● RECORDS PROVIDED:
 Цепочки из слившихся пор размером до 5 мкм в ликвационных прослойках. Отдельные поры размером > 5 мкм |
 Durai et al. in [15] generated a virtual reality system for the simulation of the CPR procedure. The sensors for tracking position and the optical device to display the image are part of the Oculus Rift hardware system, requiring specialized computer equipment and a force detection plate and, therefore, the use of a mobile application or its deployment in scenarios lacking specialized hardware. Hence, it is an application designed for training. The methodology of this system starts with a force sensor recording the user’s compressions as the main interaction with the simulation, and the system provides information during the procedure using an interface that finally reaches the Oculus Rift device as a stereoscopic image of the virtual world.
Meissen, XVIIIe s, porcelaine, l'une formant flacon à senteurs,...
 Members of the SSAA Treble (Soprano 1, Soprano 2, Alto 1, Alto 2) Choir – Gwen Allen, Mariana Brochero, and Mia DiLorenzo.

--

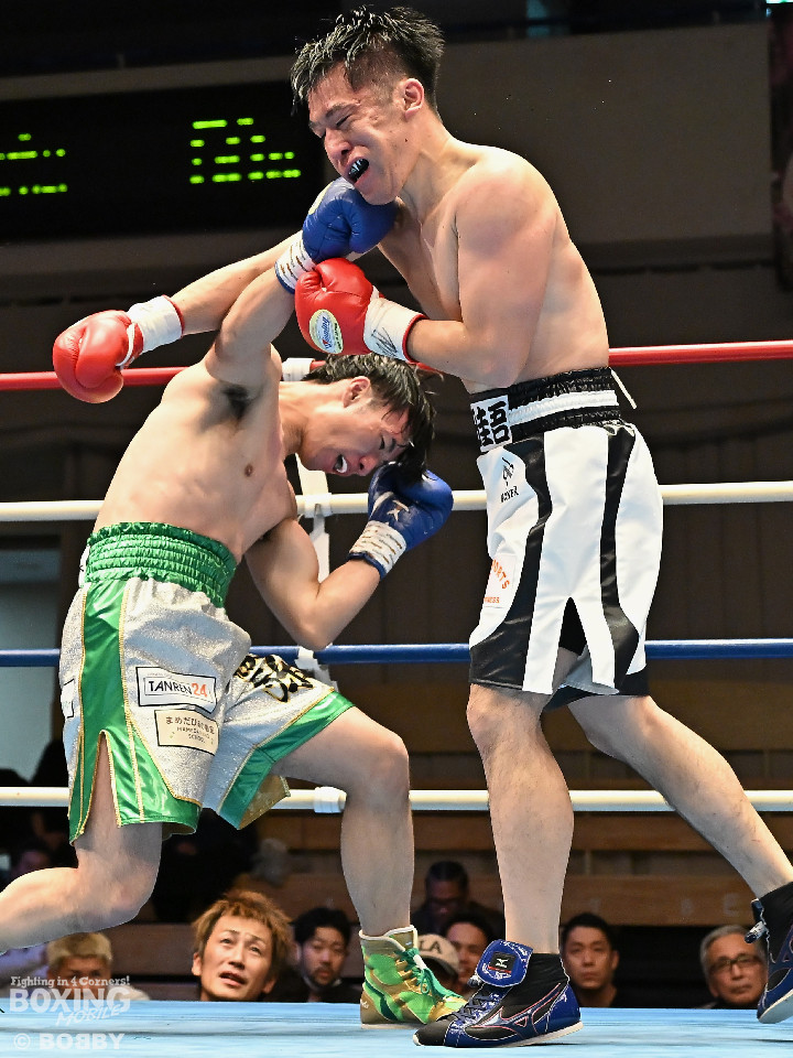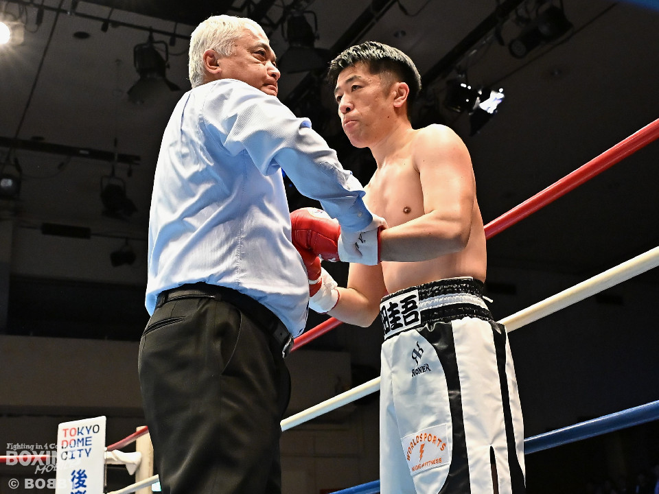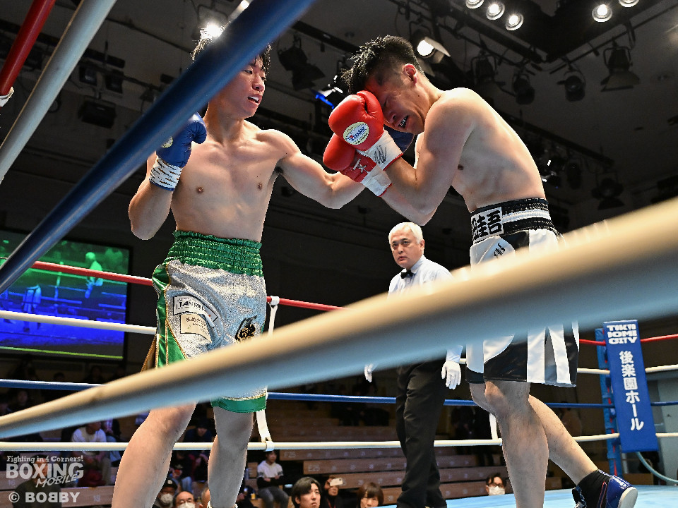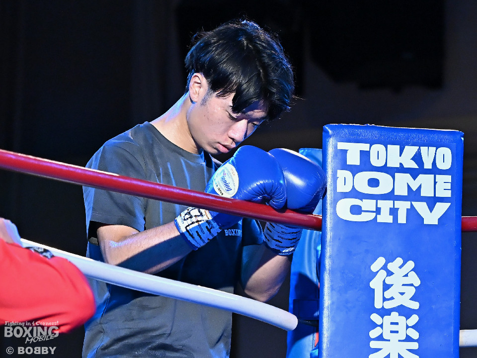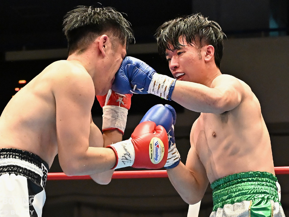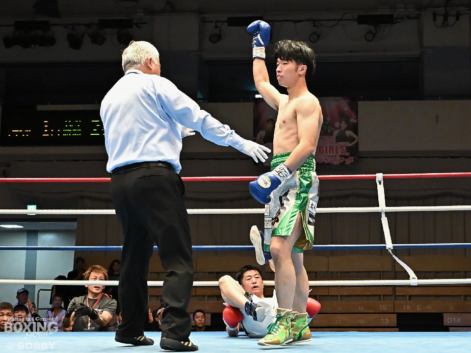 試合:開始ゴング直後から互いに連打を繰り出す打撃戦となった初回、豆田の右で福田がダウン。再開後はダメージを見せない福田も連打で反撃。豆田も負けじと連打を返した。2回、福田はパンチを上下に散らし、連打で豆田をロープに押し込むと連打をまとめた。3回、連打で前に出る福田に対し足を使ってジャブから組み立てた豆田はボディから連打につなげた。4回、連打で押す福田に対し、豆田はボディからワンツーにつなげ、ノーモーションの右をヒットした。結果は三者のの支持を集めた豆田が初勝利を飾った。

● WHAT THE TASK ASKS: In the listing above, find the line with "Meissen, XVIIIe s, porcelaine, l'une" and the line with "Members of the"; output exactly those lines and all lines between them.

● WRITTEN RESPONSE:
Meissen, XVIIIe s, porcelaine, l'une formant flacon à senteurs,...
 Members of the SSAA Treble (Soprano 1, Soprano 2, Alto 1, Alto 2) Choir – Gwen Allen, Mariana Brochero, and Mia DiLorenzo.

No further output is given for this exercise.